EXERCISE OBJECTIVE
Would you restate all of the entries verbatim, minus any images?

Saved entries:

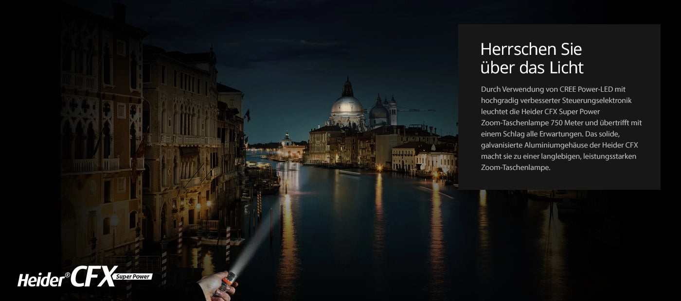 Der Heider CFX ist die leistungsstärkste Zoom-Taschenlampe seiner Klasse. Um Ihre Weitwinkel-Heider-CFX-Taschenlampe in eine leistungsstarke Langstreckenlampe zu verwandeln, verwenden Sie einfach die Zoomfunktion.
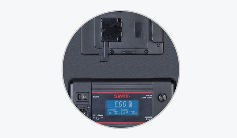 PL-E60 supports 11-36V wide range voltage input, with 4-pin XLR DC socket, and equipped with V-mount or Gold mount plate to power by batteries. (The default battery plate is V-mount.)
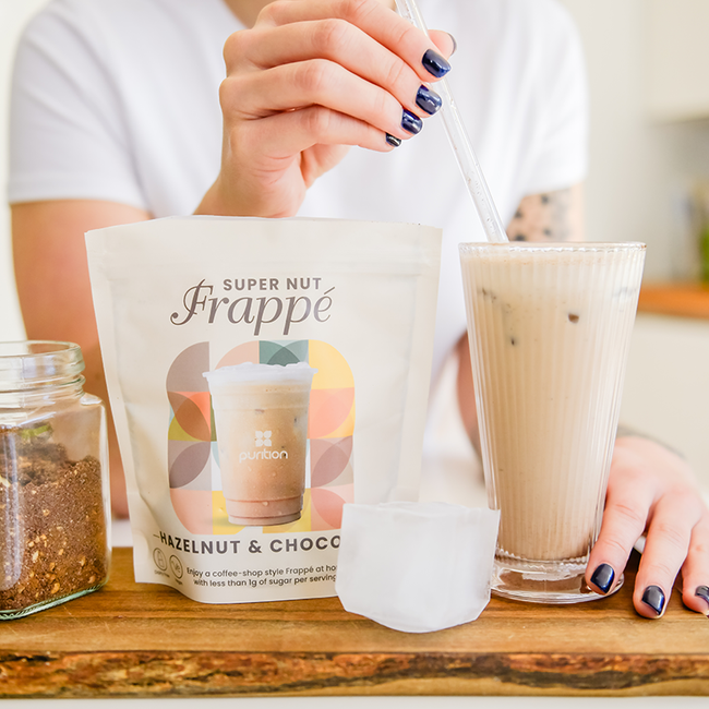 Super Nut Frappés (prepared with almond milk) contain around 95% less sugar than a typical coffee shop Frappuccino.
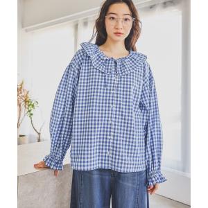 ブラウス シャツ リネンブレンドフリルブラウス レディース
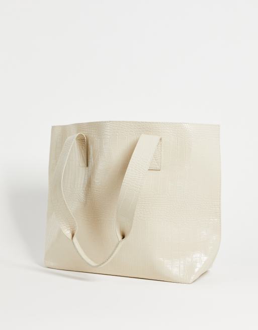 ASOS DESIGN – Biała torebka typu tote z imitacji skóry krokodyla
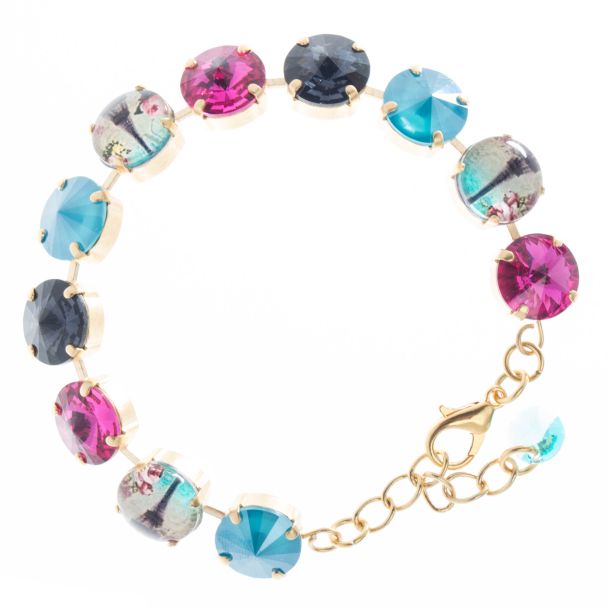 Paris Eiffel Tower YPMCO 12mm Crystal Bracelet - Pink &Teal
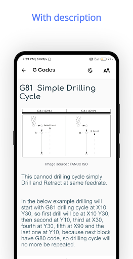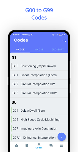 which includes many cnc vmc app terms (IE, - P for dwell) and hence this cnc g code m code app will help you while performing operation.
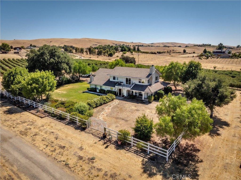 Discover the perfect blend of elegance, privacy, and potential on this exceptional 20-acre estate in Paso Robles. The custom 2,648 sq ft home, built in 2003, features 3 spacious bedrooms and 3 beautifully appointed bathrooms, with timeless Spanish tile and oak wood floors, custom cabinetry and doors, and warm touches like a fireplace in the front room and a wood-burning stove in the family room. The master suite offers dual vanities and a soaking tub with sweeping views of the surrounding landscape. Outside, a manicured front lawn, fruit trees, and vibrant landscaping create a welcoming retreat, while the expansive rear yard is ideal for entertaining and outdoor living. A two-car garage with custom attic storage and a separate restroom adds functionality, complemented by a Tuff shed for tools and supplies. The gently rolling 20-acre parcel offers endless possibilities. Currently home to the award-winning Canto Sol Olive Oil Farm with more than 8,500 thriving olive trees, the land can continue as a productive venture and be reimagined for new uses. The rich Paso Robles terrain and premier reputation for agri-tourism make it well-suited for not only boutique olive oil production, but the acreage also provides the opportunity to add amenities such as a tasting room, event space, or other lifestyle-driven enhancements. Whether you envision a continuation of the olive oil legacy or simply a private sanctuary with wide-open views, this estate offers unmatched flexibility. The combination of a thoughtfully designed home, expansive acreage, and an unbeatable Paso Robles location makes this property an extraordinary opportunity to craft your dream lifestyle on the Central Coast.
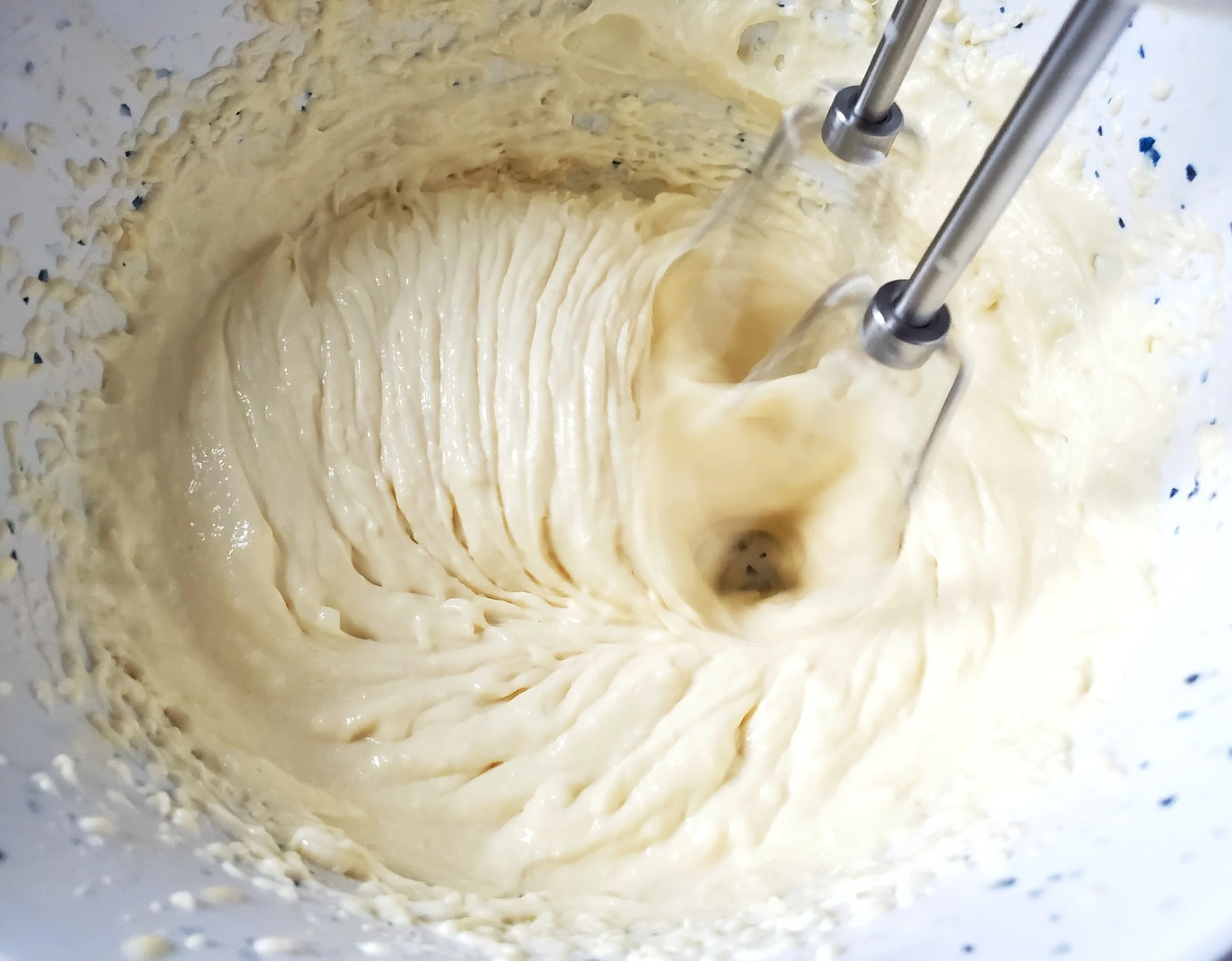 - Next, we work with the large bowl containing the egg yolks. Add the cream cheese and whisk well, using a handmixer.

ANSWER AREA
 Der Heider CFX ist die leistungsstärkste Zoom-Taschenlampe seiner Klasse. Um Ihre Weitwinkel-Heider-CFX-Taschenlampe in eine leistungsstarke Langstreckenlampe zu verwandeln, verwenden Sie einfach die Zoomfunktion.
 PL-E60 supports 11-36V wide range voltage input, with 4-pin XLR DC socket, and equipped with V-mount or Gold mount plate to power by batteries. (The default battery plate is V-mount.)
 Super Nut Frappés (prepared with almond milk) contain around 95% less sugar than a typical coffee shop Frappuccino.
 ブラウス シャツ リネンブレンドフリルブラウス レディース
 ASOS DESIGN – Biała torebka typu tote z imitacji skóry krokodyla
 Paris Eiffel Tower YPMCO 12mm Crystal Bracelet - Pink &Teal
 which includes many cnc vmc app terms (IE, - P for dwell) and hence this cnc g code m code app will help you while performing operation.
 Discover the perfect blend of elegance, privacy, and potential on this exceptional 20-acre estate in Paso Robles. The custom 2,648 sq ft home, built in 2003, features 3 spacious bedrooms and 3 beautifully appointed bathrooms, with timeless Spanish tile and oak wood floors, custom cabinetry and doors, and warm touches like a fireplace in the front room and a wood-burning stove in the family room. The master suite offers dual vanities and a soaking tub with sweeping views of the surrounding landscape. Outside, a manicured front lawn, fruit trees, and vibrant landscaping create a welcoming retreat, while the expansive rear yard is ideal for entertaining and outdoor living. A two-car garage with custom attic storage and a separate restroom adds functionality, complemented by a Tuff shed for tools and supplies. The gently rolling 20-acre parcel offers endless possibilities. Currently home to the award-winning Canto Sol Olive Oil Farm with more than 8,500 thriving olive trees, the land can continue as a productive venture and be reimagined for new uses. The rich Paso Robles terrain and premier reputation for agri-tourism make it well-suited for not only boutique olive oil production, but the acreage also provides the opportunity to add amenities such as a tasting room, event space, or other lifestyle-driven enhancements. Whether you envision a continuation of the olive oil legacy or simply a private sanctuary with wide-open views, this estate offers unmatched flexibility. The combination of a thoughtfully designed home, expansive acreage, and an unbeatable Paso Robles location makes this property an extraordinary opportunity to craft your dream lifestyle on the Central Coast.
 - Next, we work with the large bowl containing the egg yolks. Add the cream cheese and whisk well, using a handmixer.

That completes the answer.